IV. METODI E MODELLI DI DATA MINING
1. Organizzazione informatico-statistica dei dati aziendali dipartimentali (data
warehouse e data mart).
2. Applicazioni di Business Intelligence: OLAP, clustering, indici di associazione
(odds ratio).
3. Modelli statistici per il data mining: metodi classificatori (alberi decisionali e
modelli lineari); Regressione logistica (per l’individuzione dei clienti a rischio
di abbandono); Discriminant analysis (per la classificazione tra buoni e cattivi
clienti e per la previsione delle insolvenze d’impresa).
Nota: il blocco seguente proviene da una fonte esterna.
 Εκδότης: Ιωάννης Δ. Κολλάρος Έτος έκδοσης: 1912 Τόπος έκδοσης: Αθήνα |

4. Metodi associativi e modelli log-lineari [per la Market Basket Analysis; per
l’analisi del comportamento di visita a un sito di e-commerce e delle sequenze
di visita (clickstream analysis)].
5. Software per il data mining.
BIBLIOGRAFIA
Per gli studenti frequentanti:
A. DE LUCA, Le ricerche di mercato - Guida pratica e teorica, F. Angeli, Milano, 2006, 2a ed. (per
le parti I, II del programma).
A. DE LUCA, Le applicazioni dei metodi statistici alle analisi di mercato, F. Angeli, Milano, 2006, 5a
ed. (per la parte III del programma).
Materiale ad hoc predisposto dal Docente e messo on-line (per la parte IV del Programma).
Per gli studenti non frequentanti:
Oltre ai testi sopra indicati il volume:
A. DE LUCA, Dizionario tematico di Marketing Quantitativo, F. Angeli, Milano, 2007.
DIDATTICA DEL CORSO
Lezioni frontali in aula con testimonianze di operatori esterni.
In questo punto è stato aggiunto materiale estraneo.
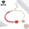 Bisaer Pulseira de bezerro da sorte 925 prata esterlina corda vermelha e corrente de cor dourada pulseiras de moda feminina joias presente

Per rafforzare l’apprendimento e l’assimilazione della disciplina, sono previste le
seguenti attività:
1.
in aula computer: esercitazioni pratiche, inerenti la codifica, il trattamento e
l’elaborazione statistica dei dati provenienti da una reale ricerca di mercato (interazione online degli studenti con il file della ricerca);
2.
in aula: Laboratorio di analisi di mercato (segmentazione e posizionamento di
varie tipologie di prodotti, concrete applicazioni di conjoint analysis e di misurazione della
customer satisfaction di beni/servizi, analisi dei comportamenti di visita ai siti web);
3.
realizzazione - facoltativa - da parte degli studenti (singolarmente o in piccoli
gruppi) di una ricerca di mercato (stesura del questionario, rilevazione dei dati sul campo,
loro elaborazione in Excel/Spss, interpretazione dei risultati e stesura del Rapporto finale
della ricerca).
METODO DI VALUTAZIONE
Prova scritta l’esame consisterà nel dare risposta a 18 quesiti (a risposta chiusa, aperta e
multipla) e nella soluzione di due esercizi di statistica applicata al marketing (uno sulle
tecniche campionarie e uno di statistica multivariata).
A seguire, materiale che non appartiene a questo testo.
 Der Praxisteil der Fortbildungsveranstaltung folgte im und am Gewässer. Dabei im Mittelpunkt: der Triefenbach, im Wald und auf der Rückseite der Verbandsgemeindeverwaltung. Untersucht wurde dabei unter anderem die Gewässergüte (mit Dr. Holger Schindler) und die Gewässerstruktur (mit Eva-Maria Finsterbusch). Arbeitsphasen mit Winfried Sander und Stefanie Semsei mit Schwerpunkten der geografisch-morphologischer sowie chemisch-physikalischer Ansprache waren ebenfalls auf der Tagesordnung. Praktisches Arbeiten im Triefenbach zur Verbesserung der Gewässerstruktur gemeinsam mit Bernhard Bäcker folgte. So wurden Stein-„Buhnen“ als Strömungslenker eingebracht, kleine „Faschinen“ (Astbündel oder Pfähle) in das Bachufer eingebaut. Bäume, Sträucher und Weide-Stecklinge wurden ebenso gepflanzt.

Il voto conseguito nella prova scritta, se sufficiente, può essere integrato (a discrezione
dello studente) con una prova orale.
AVVERTENZE
Dato il carattere metodologico e fortemente applicativo del corso, se ne consiglia la
frequenza.
Essendo gli argomenti trattati di natura quantitativa, e strettamente sequenziali, è
opportuno che gli studenti si dotino dei libri di testo dall'inizio delle lezioni.
Orario e luogo di ricevimento
Il Prof. Amedeo De Luca riceve gli studenti il giovedì dalle ore 16,00 alle ore 18,30
presso il Dipartimento di Scienze statistiche (via Necchi 9, I piano, studio n. 113).